Once my awe with the original cbg waned and I started to see it with a critical eye I was bothered by the lack of acoustic output.  I built 3 or 4 the same way and all of them were pretty much useless without an amp.  That (and the historical work by Speal and McNair) got me thinking about the sound of cbgs 150 years ago.  Clearly they were doing something quite different from what I was doing, since they seemed to have produced a useful instrument that didn't rely on electrical amplification.  I wanted to know how you could get enough volume and a pleasing tonal quality out of a cigar box without the pickup. 

At the outset I was convinced that at least part of the answer lay in the difference between the cigar box as it is now and as it was in the past.  Somewhere I had heard that cedar’s natural pest deterrence and delightful smell made it the wood of choice for cigar boxes.  Well, that certainly wasn’t the case with the cigar boxes I had found.  They seemed to be paper and very little wood that I could identify other than plywood.  I surmised that older boxes were likely made of solid wood and more often than not that wood was cedar.   I had installed enough cedar shingles and had seen some pretty sweet sounding classical guitars with cedar tops to realize that red cedar is very lively: roof shingles dropped onto a hard surface are almost musical. Okay so that was my “cave man” moment and I started to build my own boxes and tops in an effort to recreate what I thought was the character of an old time cigar box. 
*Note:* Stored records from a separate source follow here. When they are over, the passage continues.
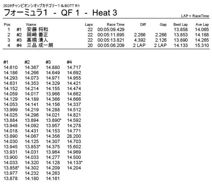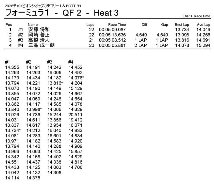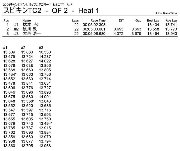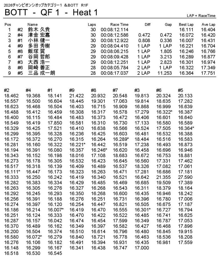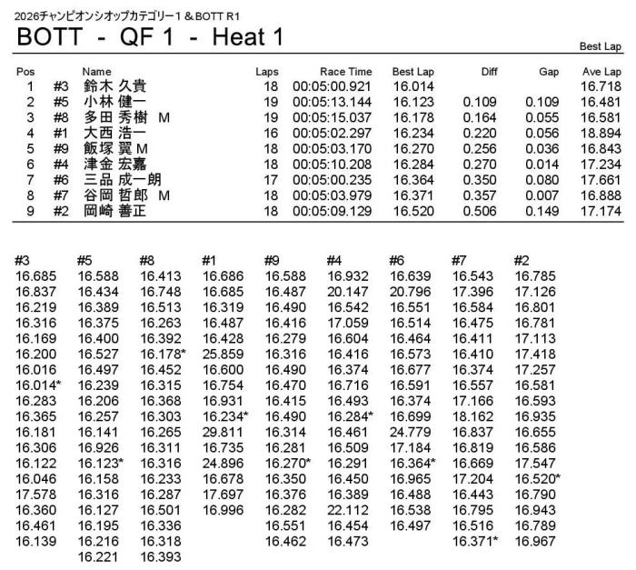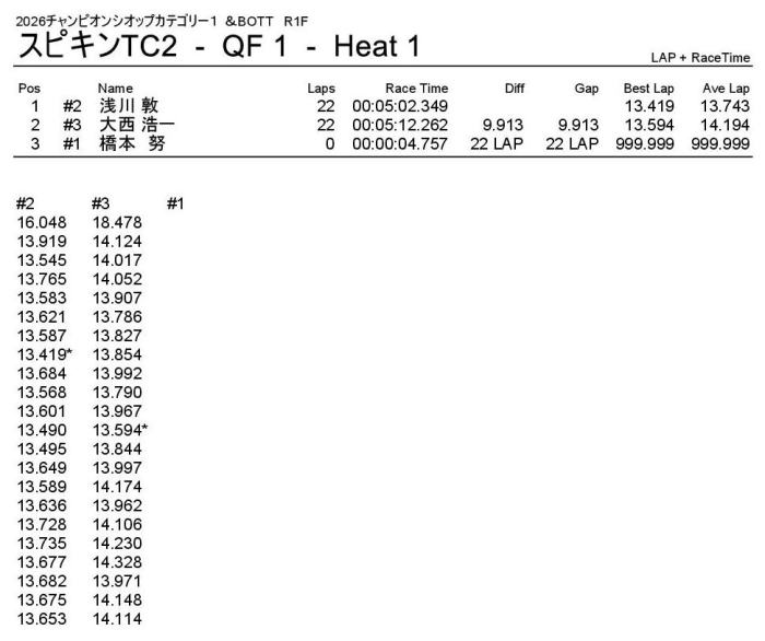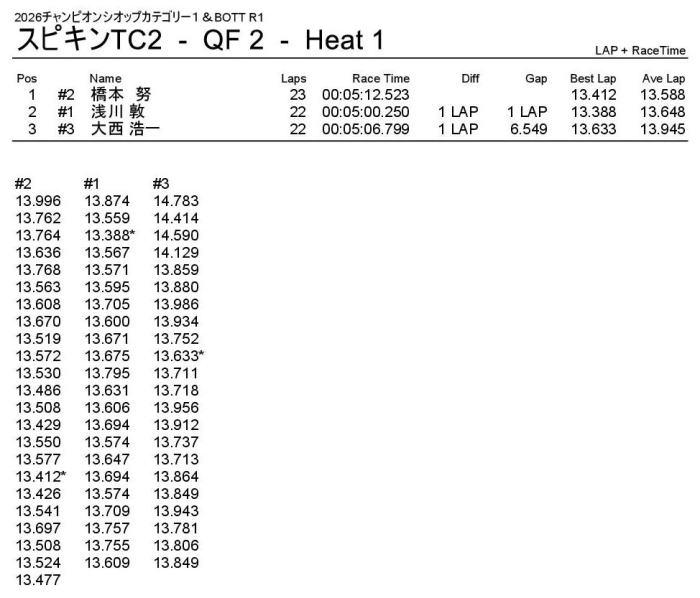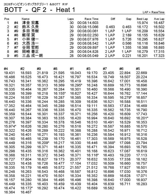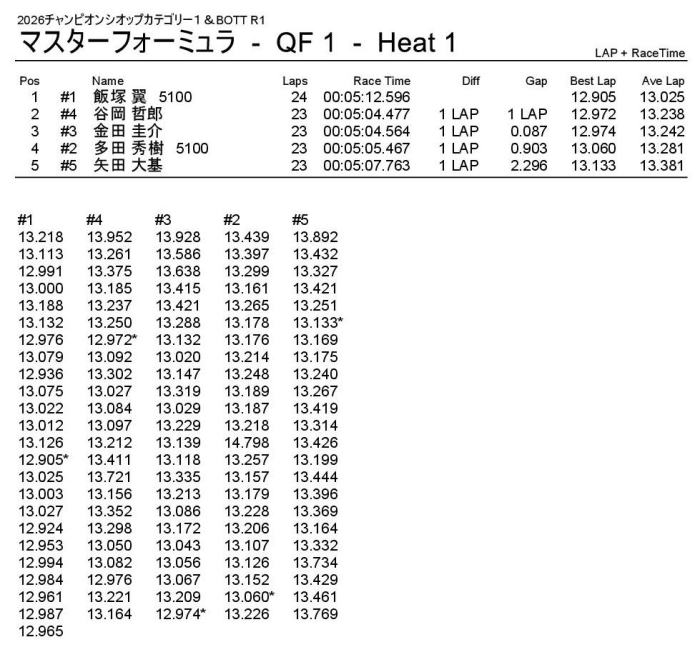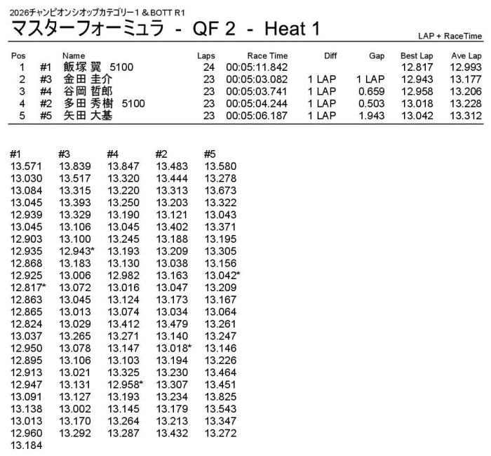 優勝は回転数ハンデをものともぜずパーフェクトWINの飯塚翼選手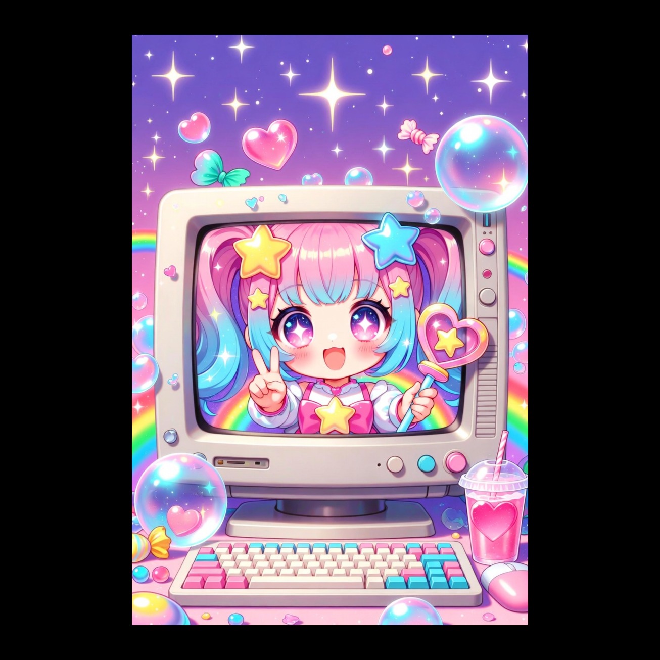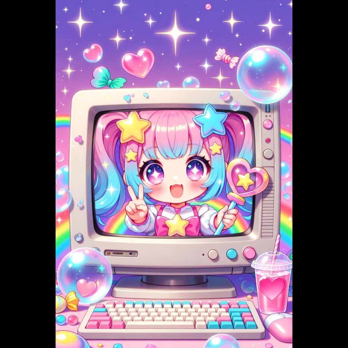 Genre: Vocaloid, 8-bit chiptune, cutecore, hyperpop bubblegum, glitch hop, lofi anime idol, kawaii core vocaloid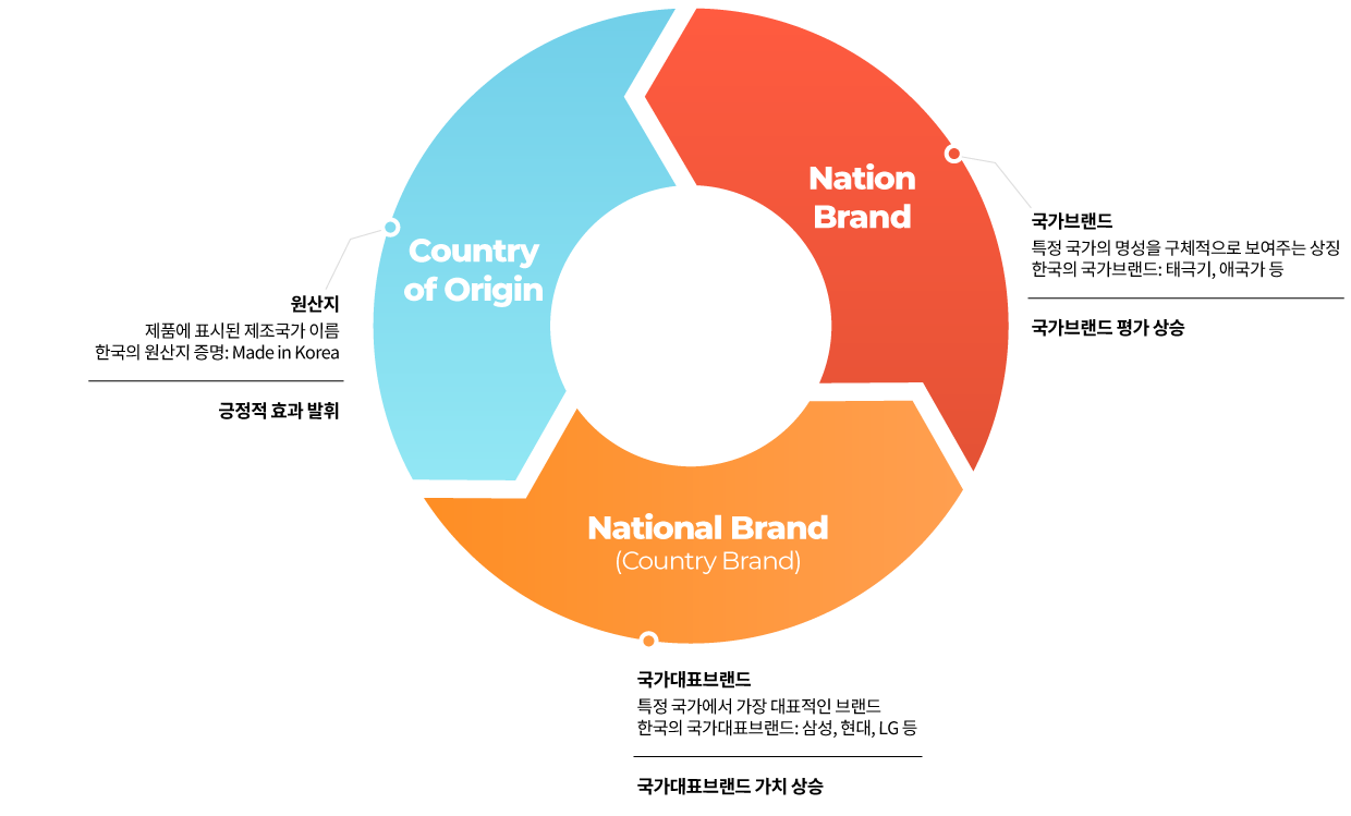 국가브랜드는 사람들로 하여금 특정 국가 또는 특정 국가의 집단, 제품, 서비스를 식별하고 다른 국가와 구별하도록 의도된 이름, 용어, 기호, 심벌, 디자인 또는 이것들의 조합이라고 할 수 있습니다. 이러한 국가브랜드는 기업이나 제품 브랜드와는 달리 한 국가의 이미지, 신뢰도, 호의도 등 모든 것을 대변하는 종합적 가치를 지니며, 경제, 사회, 정치, 문화 등 다양한 측면에서 직접 또는 간접적으로 국가경쟁력 향상에 영향을 미치고 있습니다.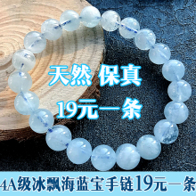 天然冰飘海蓝宝手链4A海蓝宝单圈清仓手链水晶时尚饰品情侣款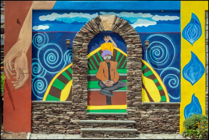 Peekskill has quite a lot of murals. In this particular location (Central Ave) there were several more. I only photographed these two. I’ve not yet been able to find any information about them (e.g. who created them, what they represent, why they’re there etc.), but while looking for such information I came across a person who described such murals as “putting lipstick on a pig”.

The first of these non-cigar box, cigar box guitars (?) was built on a cigar box with the original lid removed and replaced with cedar from my most likely source – left over cedar roof shingles.  Planing a roof shingle to consistent thickness and still getting enough useable length meant the top roughed out pretty thin.  I surmised that it was too thin to take the downward force of the strings and should therefore be braced in some way (later experiments have proven this).  I adapted a ladder shaped brace from a mandolin kit I had built using ½ inch by ¼ inch cedar stock.  Once I got it all together and set it up I found I had built a reasonably worthy acoustic instrument and ultimately had the answer to my question – the soundboard wood really matters, thickness matters, ie it must be thin enough to resonate and produce volume and tone and finally you've got to brace the thin soundboard from underneath as luthiers have been doing forever.  It shouldn’t come as a surprise to anyone that the answer to my question was available via a non-experimental route (the collective expertise of luthiers)– but what fun is that.9353859055?profile=original

The real test of usefulness of the aforementioned principles came when I found the ultimate cigar box.  The box is a made entirely from cedar and originally contained Pandora cigars (circa 1940?).  I planed the top thin and braced it.  It is a small 5 by 9 by 2 ½ inch box.  I didn’t expect much volume but I was hoping for some sweet tone.  I wasn’t disappointed – the tone was very nice and the volume quite a bit greater than expected.  It is a fine (to my ear at least) acoustic instrument that I could play around a campfire without an amp. Of course I put piezos in it and I can run it through an amp and rock out too...
9353858895?profile=original The top..thinned and braced - further experiments with braces seem to suggest very little change in the tone if these braces are refined and shaped. I know that luthiers discuss the role of brace pattern and profile at length and they can probably hear the nuances.  However,  the big gains seem to come from "thin and braced"no matter how clumsily.  As an added note I think gluing the braces to the sides of the box can result in acoustic dampening.  In one case where I extended braces to glue into slots on the box sides, the result was a dead sounding instrument.  I may be mistaken, but I think its important to be sure that the soundboard is allowed to vibrate as freely as possible.9353859889?profile=originalFinished Pandora's Box

And, by the way neck wood takes a close second for imparting tone - there is a real distinction between a red oak neck (very bright sounding) and the more mellow hemlock necks I prefer to use.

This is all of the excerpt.